Eleneke was a long-serving community leader with TGIJP, starting in 2004. Among her different roles were member of the Leadership Team in 2007, director of Development and Administration from 2008-2009 and editor of the prison newsletter, Stiletto, from 2008. As part of her work, she visited trans people at California Medical Facility (CMF) in Vacaville and other prisons. She organized letter-writing events for prisoners in California and throughout the country. She offered workshops on spiritual healing to trans people coming out of prison and jail.

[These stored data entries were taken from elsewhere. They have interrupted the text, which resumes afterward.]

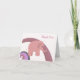 A cute thank you featuring a pink baby elephant with a rainbow background. Great for baby shower thank you's!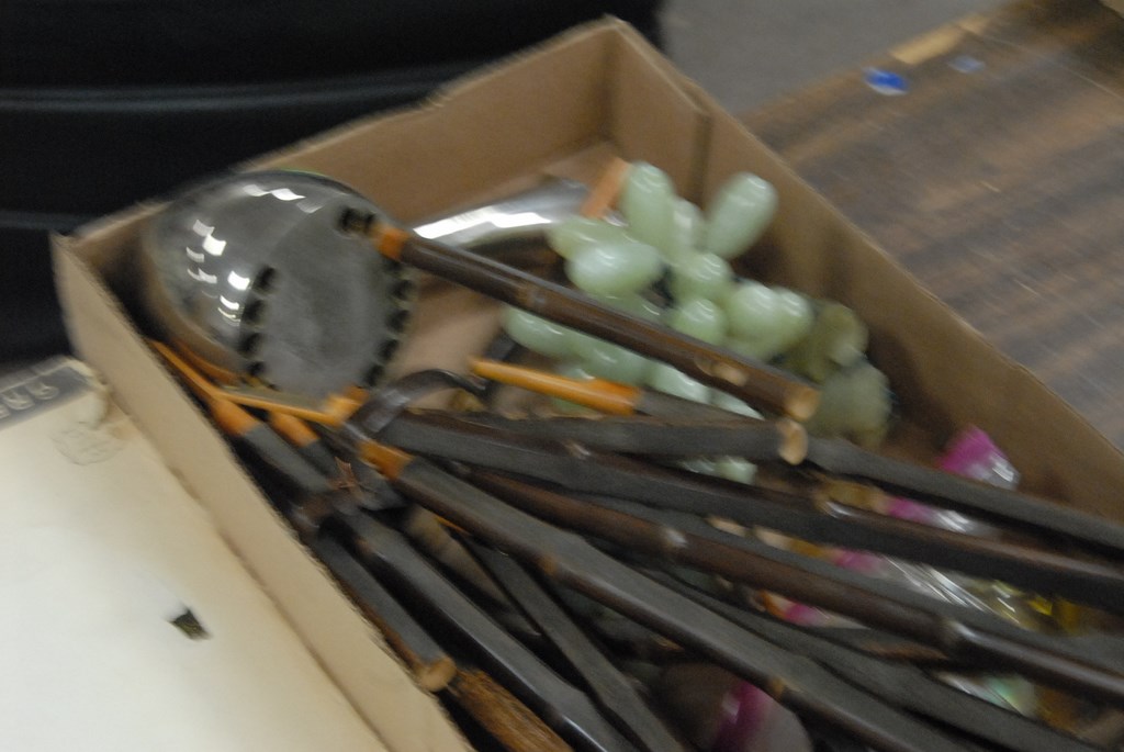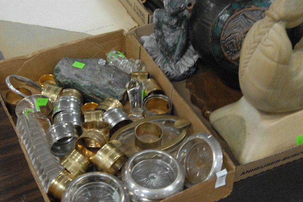 Lot 144: Three box lots: stoneware vase, figures, napkin rings, silver trimmed coasters, alabaster grapes.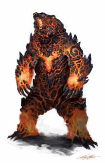 Огненное дыхание (перезарядка 5–6). Медведь выдыхает поток пламени 15-футовым конусом. Все существа в этой области должны совершить спасбросок Ловкости Сл 12, получая урон огнём 17 (5к6) при провале, или половину этого урона при успехе.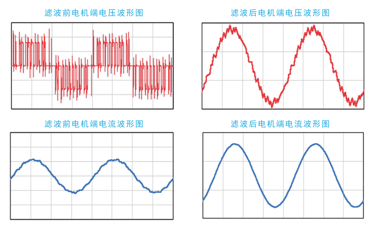将PWM波形转变为正弦波,改善电机用电质量,谐波电压畸变率含量降低至5%以下。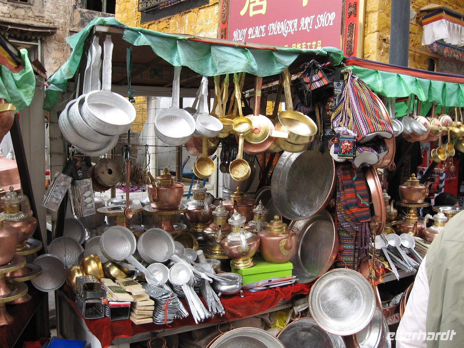 Nach unserer Rückkehr nach Lhasa bleibt am Nachmittag genug Zeit für eigene Erkundungen. Die meisten von uns zieht es erneut zur Barkhor-Straße, um das eine oder andere Souvenir zu erstehen. Handeln ist dabei Pflicht und aus unserer Sicht kann man das eine oder andere Schnäppchen machen.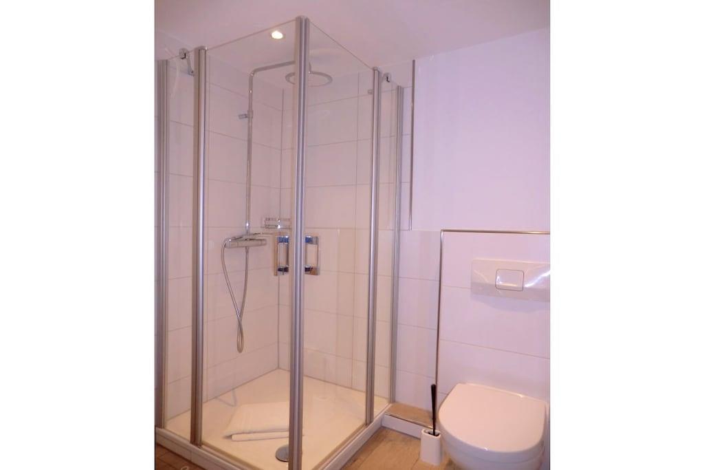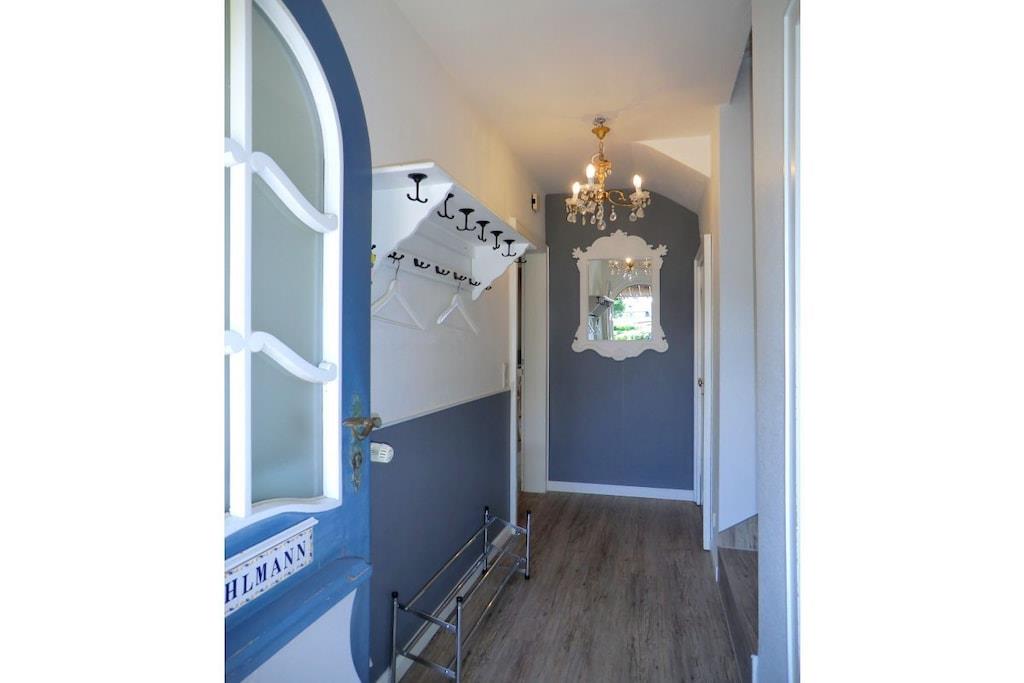 Internet Access DSL, Vacuum Cleaner, hallway(Wardrobe Coatrack), Kitchen(hob, electric kettle, coffee machine, oven, washing machine), Living/diningroom(Armchair, Sofa, TV, dining table, stove, DVD player, stereo unit), bedroom(Wardrobe, double bed, TV, DVD player), bedroom(Wardrobe, single bed, single bed, radio), bathroom(Mirror, toilet, shower, washbasin), guest toilet(Mirror, toilet, washbasin), Internet access, washing machine, heating, terrace(garden furniture), garden(Lawn), parking, parking, ironing board, iron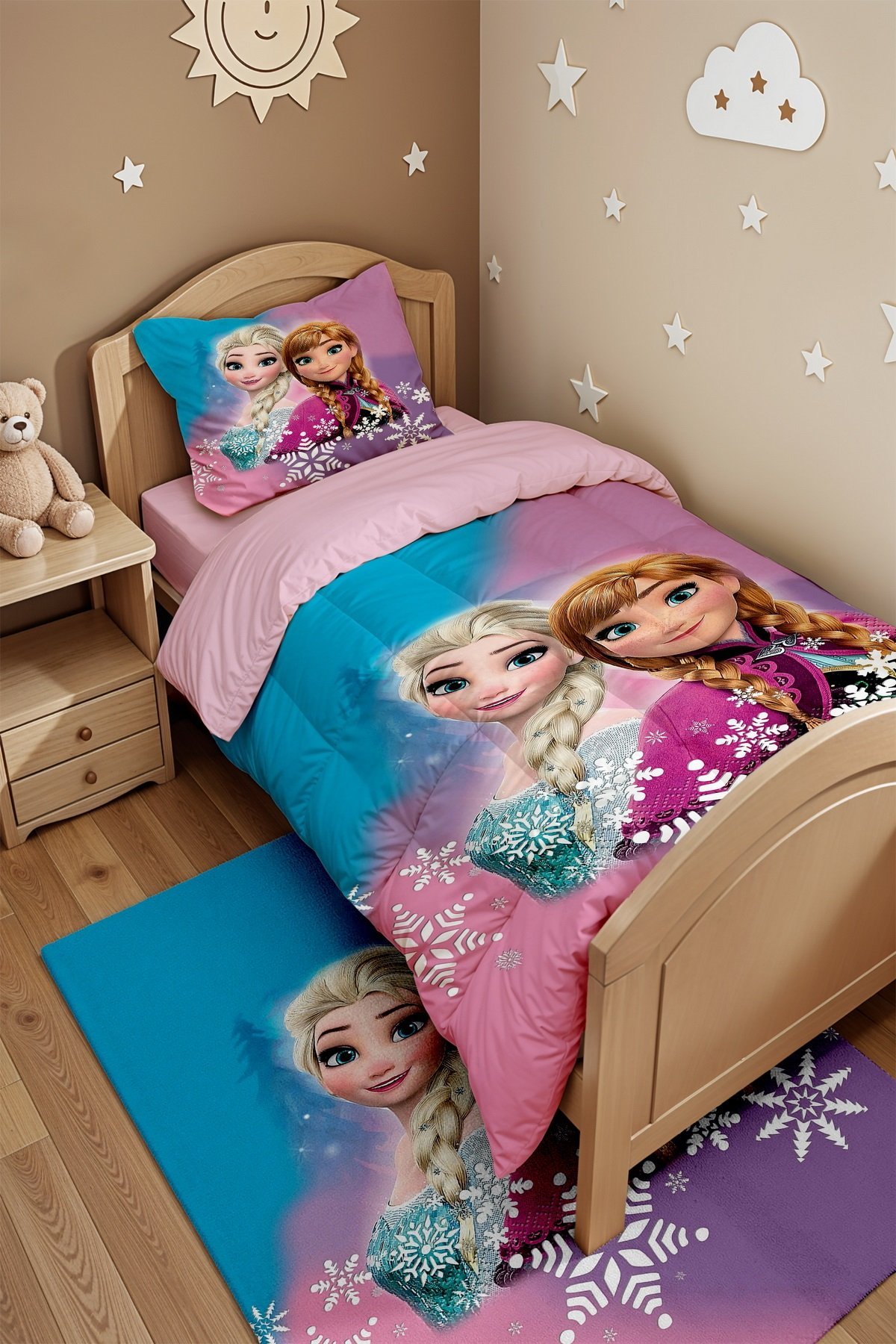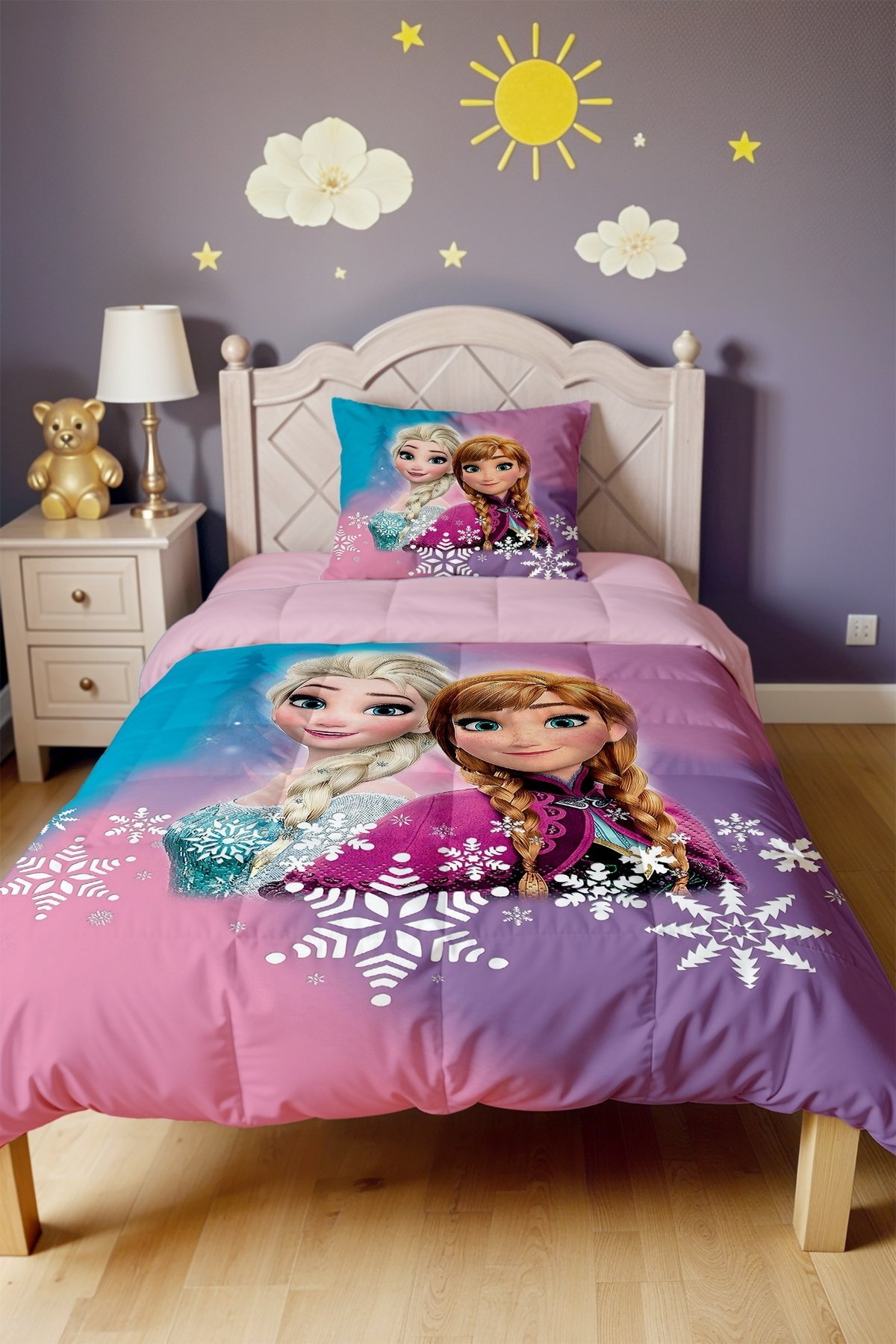 Pembe Mavi Elsa Desenli Tek Kişilik Yorgan ve Yastık Kılıfı

In February 2008, she and Miss Major Griffin-Gracy addressed the UN Committee on the Elimination of Racial Discrimination in Geneva, Switzerland on the lack of economic opportunity for transgender women of color in the United States.

Eleneke was an active member of The Ladies of Keolalaulani Halau and the House of Valenciaga . She was a founder of a transgender women of color hula group and a long-time leader in the Asian & Pacific Islander Wellness Center.

Melenie died on September 9, 2013, in Daly City, California.